=== WHAT YOU NEED TO DO ===
Please repeat word for word the line containing "Здание спортзала готово, ведутся" and every following line up to and including the last one below, pictures excluded.

=== INPUT DATA ===
■ ■ ■ ■
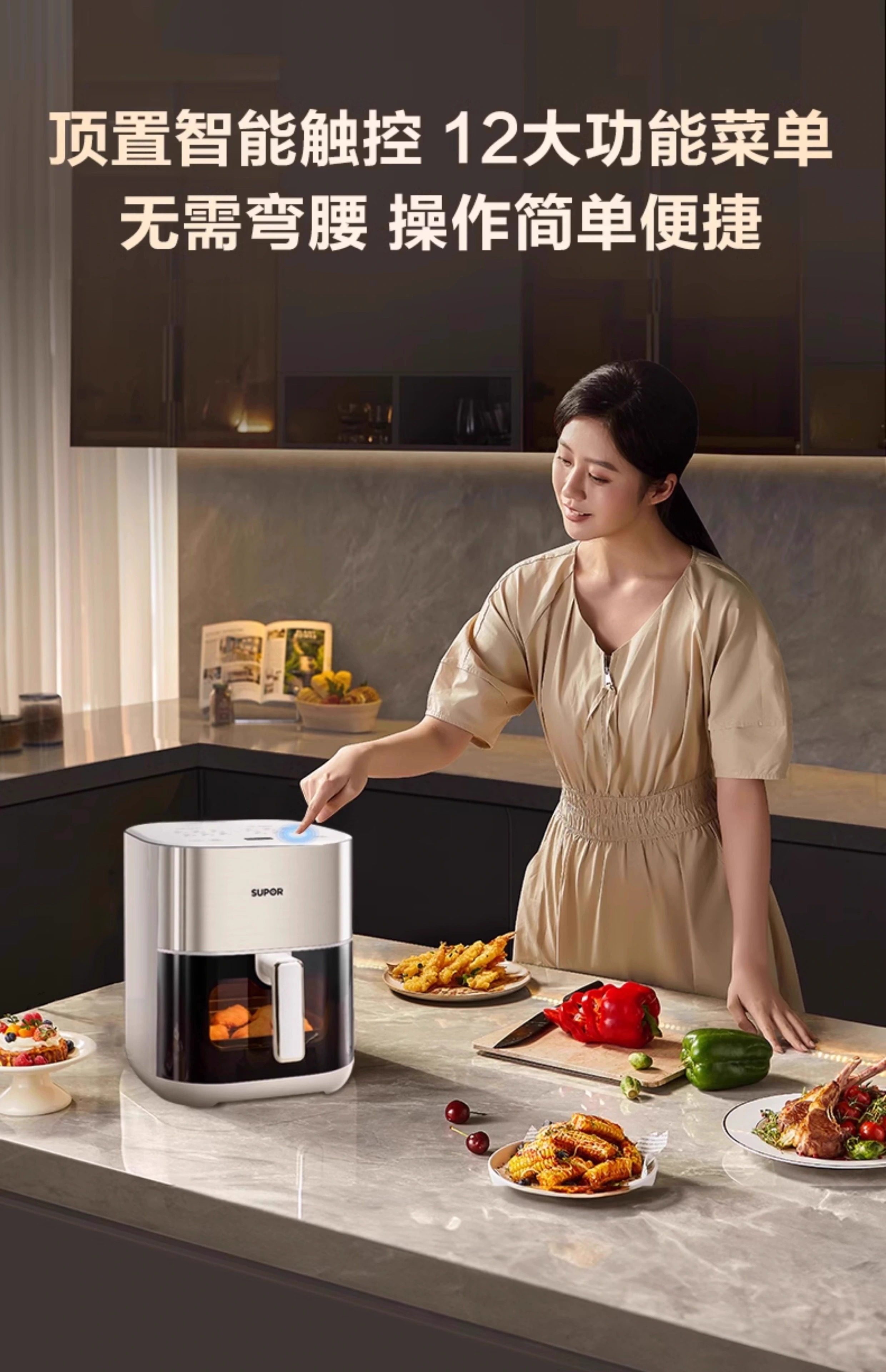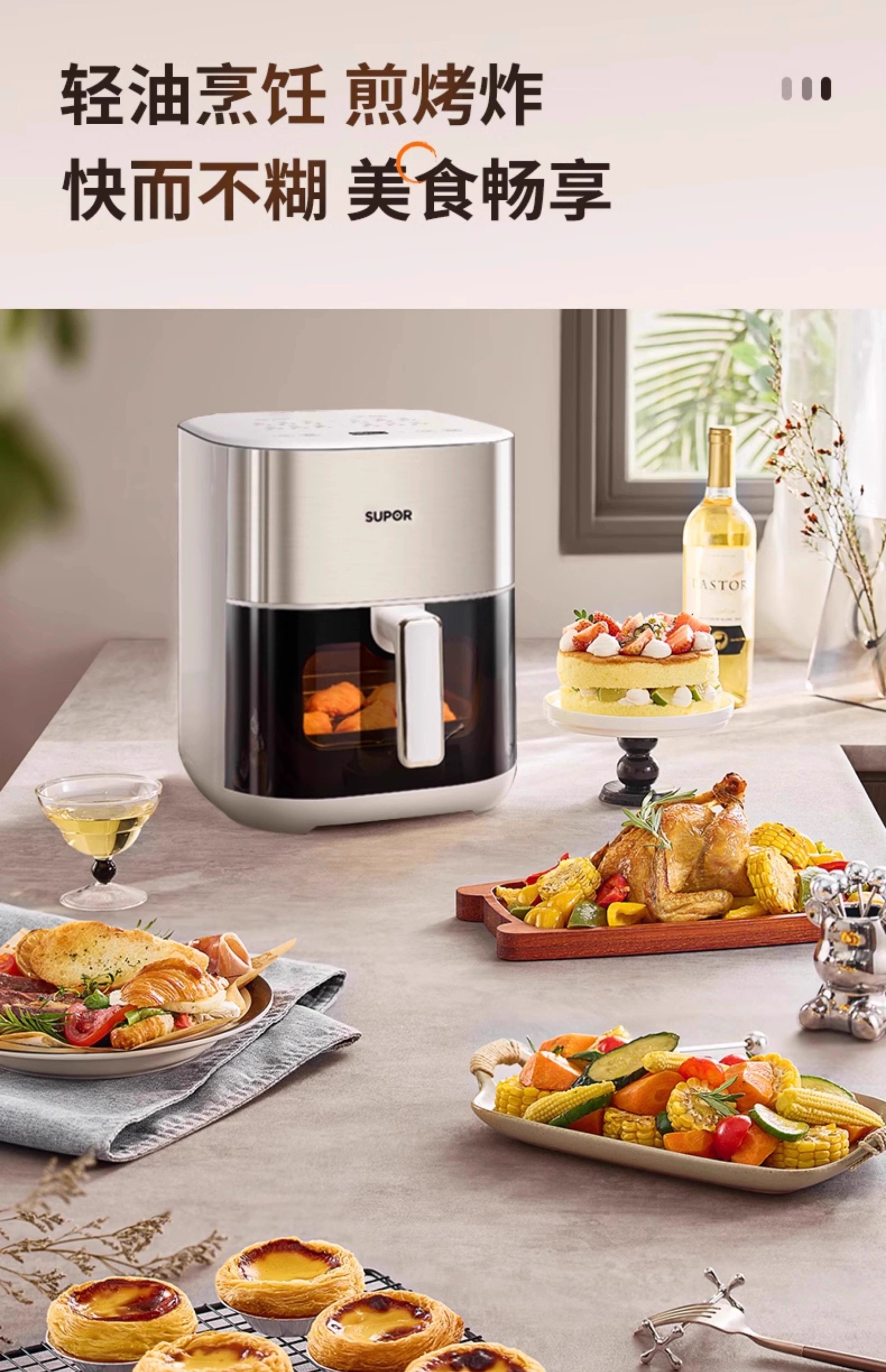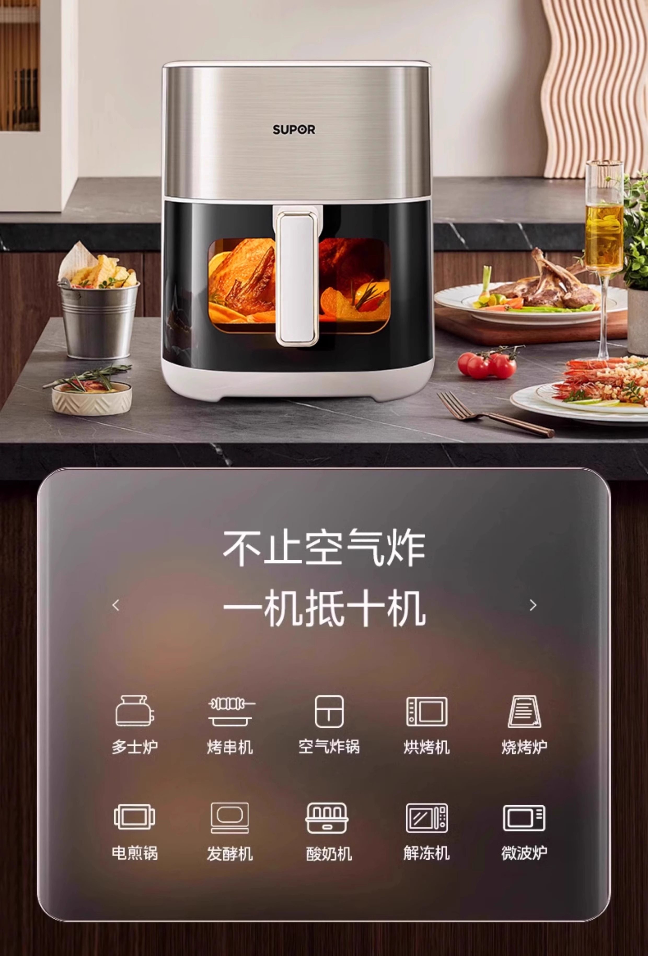 Supor Air Fryer for Home Use, New Model with Large Capacity, Visible Multi-Function Dual Heat Source Electric Fryer and Oven All-In-One Machine
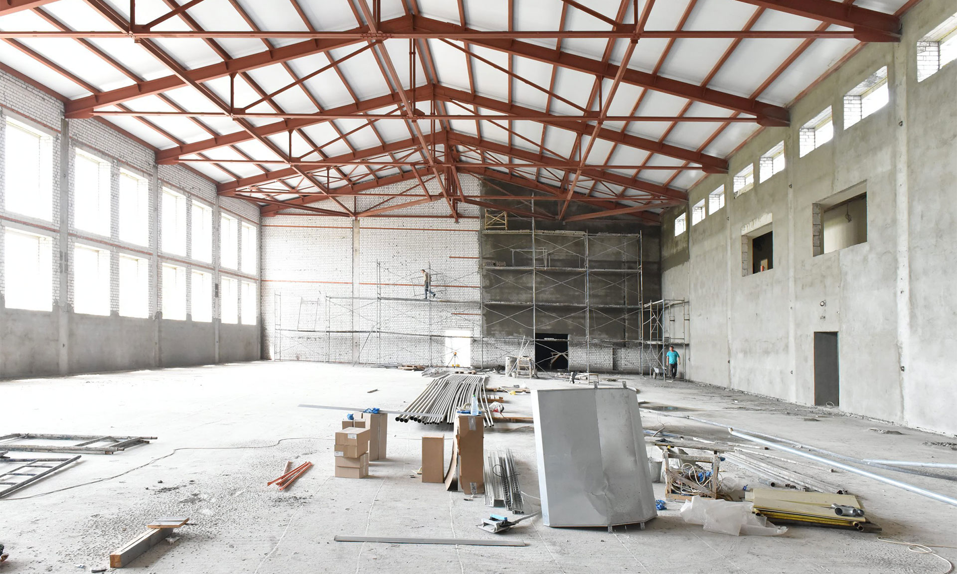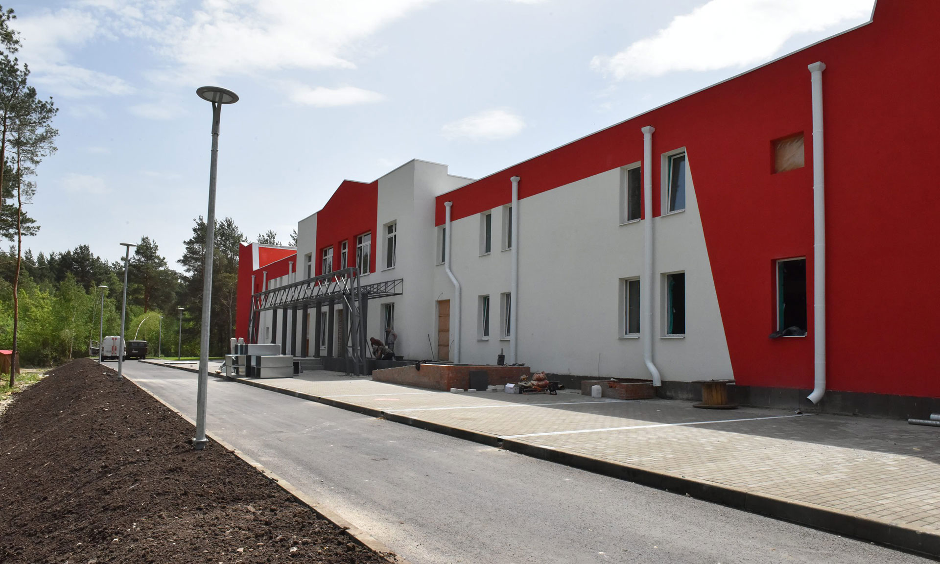Здание спортзала готово, ведутся внутренние отделочные работы, прокладка инженерных сетей, впереди — благоустройство территории.
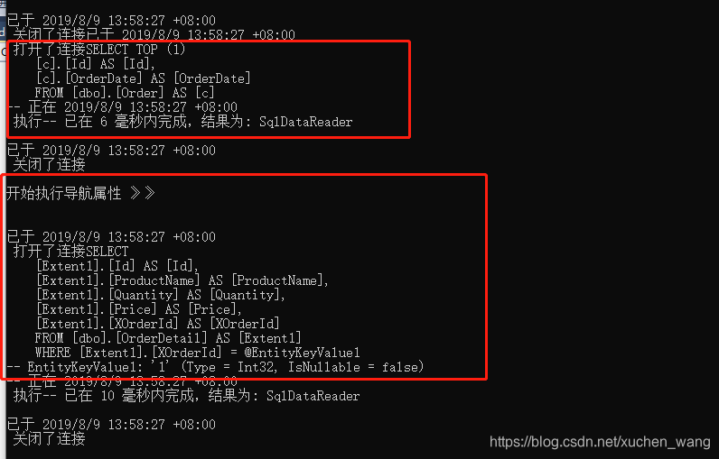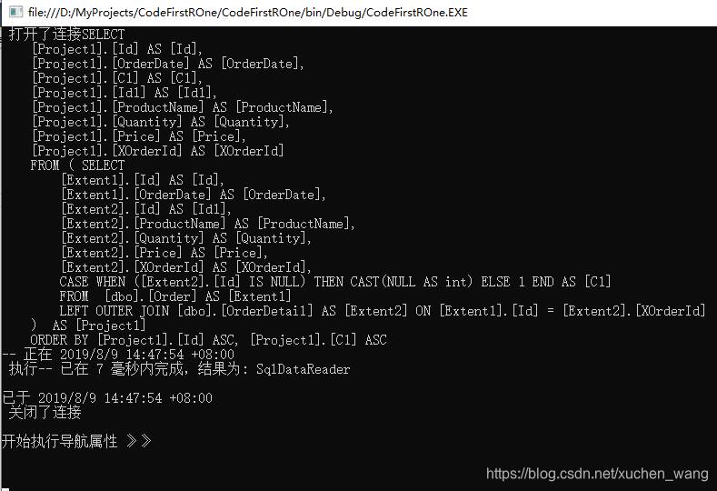 using (kTStoreModel db = new kTStoreModel()){db.Database.Log = Console.Write;Console.WriteLine("\n\n开始执行SQL》》\n\n");var cs = db.Order.Include("OrderDetail").Select(x => x).ToList();Console.WriteLine("\n\n开始执行导航属性 》》\n\n");var details = cs.First().OrderDetail;}Console.ReadKey();
■ ■ ■ ■
=== FINAL ANSWER ===
Здание спортзала готово, ведутся внутренние отделочные работы, прокладка инженерных сетей, впереди — благоустройство территории.
 using (kTStoreModel db = new kTStoreModel()){db.Database.Log = Console.Write;Console.WriteLine("\n\n开始执行SQL》》\n\n");var cs = db.Order.Include("OrderDetail").Select(x => x).ToList();Console.WriteLine("\n\n开始执行导航属性 》》\n\n");var details = cs.First().OrderDetail;}Console.ReadKey();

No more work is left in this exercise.